HDI is the English abbreviation of High Density Interconnector. High Density Interconnection (HDI) manufacturing printed circuit board is a structural component formed by insulating materials and conductor wiring. When the printed circuit board is made into the final product, it will be installed with integrated circuits, transistors (triodes, diodes), passive components (such as resistors, capacitors, connectors, etc.) and other various electronic parts. By means of wire connection, electronic signal connection and proper function can be formed. Therefore, the printed circuit board is a platform to provide component connection, which is used to receive the base of connecting parts.
Because PCB is not a general terminal product, the definition of its name is somewhat confused. For example, the motherboard used for personal computers is called the motherboard and cannot be directly called the circuit board. Although there are circuit boards in the motherboard, they are not the same. Therefore, when evaluating the industry, they are not the same. For another example, because there are integrated circuit parts loaded on the circuit board, the news media call it an integrated circuit board (IC board), but in essence it is not equivalent to a printed circuit board.

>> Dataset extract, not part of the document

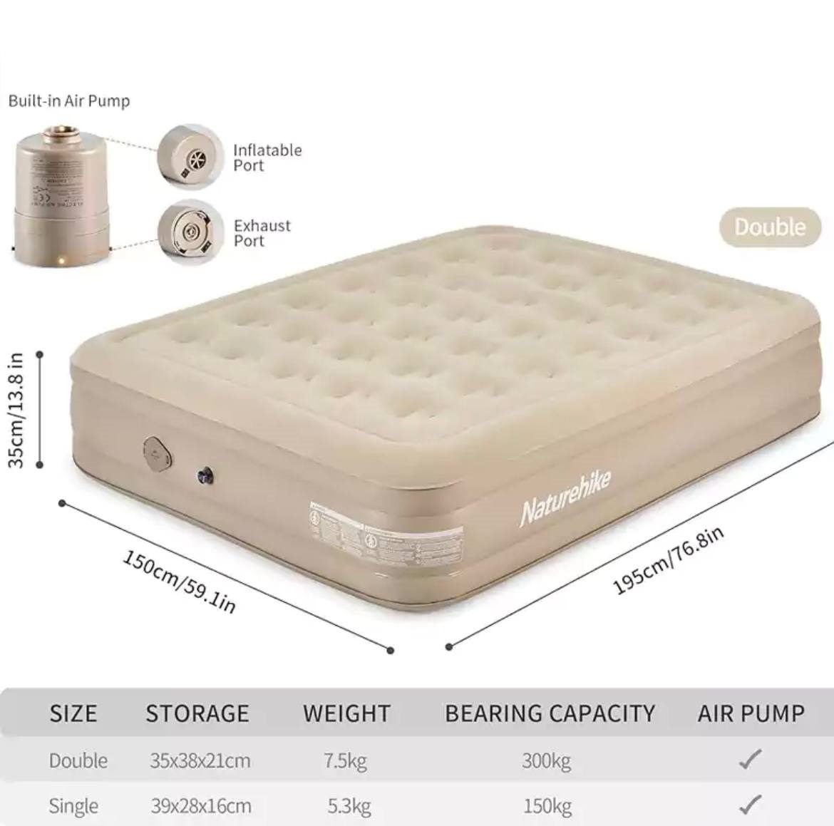 تشک بادی نیچرهایک دو نفره (Naturehike) مدل NH22FCD04 یک گزینه بسیار کاربردی و باکیفیت برای کمپینگ، طبیعتگردی و استفادههای مسافرتی است. این تشک طراحی ارگونومیک دارد و از مواد مقاوم و سبک ساخته شده که آن را به انتخابی مناسب برای حمل و استفاده در فضای باز تبدیل میکند. در ادامه به ویژگیهای اصلی این محصول اشاره میشود: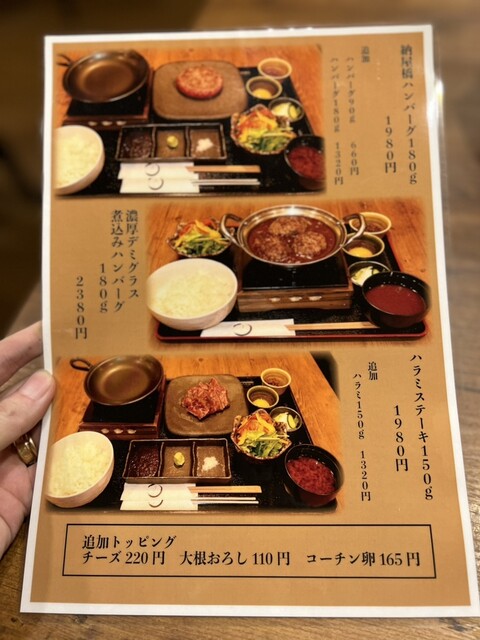 ハラミステーキと濃厚デミグラス煮込みハンバーグも人気で、チーズや大根おろしのトッピングも用意されています!カウンター席やテーブル席、掘りごたつ席があるので、1人からファミリーまで幅広く利用できるお店としてお勧めです!11:00〜21:00の通し営業が嬉しいポイントです!

On the premise that electronic products tend to be multi-functional and complex, the contact distance of integrated circuit components will be reduced, and the speed of signal transmission will be relatively improved. The following will be the increase in the number of wiring, and the local reduction in the length of inter-point wiring, which requires the application of high-density wiring configuration and micropore technology to achieve the goal. Wiring and bridging are basically difficult to achieve for single-sided and double-sided boards, so the circuit board will tend to be multi-layer, and due to the continuous increase of signal lines, more power layers and ground layers are necessary means of design, all of which make multi-layer printed circuit board more common.
For the electrical requirements of high-speed signals, the circuit board must provide impedance control with AC characteristics, high-frequency transmission capability, and reduce unnecessary radiation (EMI). With the structure of Stripline and Microstrip, multi-layer design becomes necessary. In order to reduce the quality problem of signal transmission, insulating materials with low dielectric coefficient and low attenuation rate will be used. In order to match the miniaturization and array of electronic components, the circuit board will also continuously increase its density to meet the demand. The appearance of BGA (Ball Grid Array), CSP (Chip Scale Package), DCA (Direct Chip Attachment) and other group parts assembly methods has promoted the printed circuit board to an unprecedented high-density level.
The holes with diameter less than 150um are called microvias in the industry. The circuit made by using the geometric structure technology of this microhole can improve the efficiency of assembly, space utilization, and so on. At the same time, it is also necessary for the miniaturization of electronic products.
For circuit board products with this structure, the industry has used many different names to refer to such circuit boards. For example, European and American companies used to call this kind of product SBU (Sequence Build Up Process), which is generally translated as 'Sequence Build Up Process', because the process they produced is in a sequential construction mode. As for Japanese manufacturers, because the pore structure produced by such products is much smaller than the previous ones, the manufacturing technology of such products is called MVP (Micro Via Process), which is generally translated as 'Micro Via Process'. Some people also call this kind of circuit board BUM (Build Up Multilayer Board) because the traditional multilayer board is called MLB (Multilayer Board), which is generally translated as 'multiplayer board'.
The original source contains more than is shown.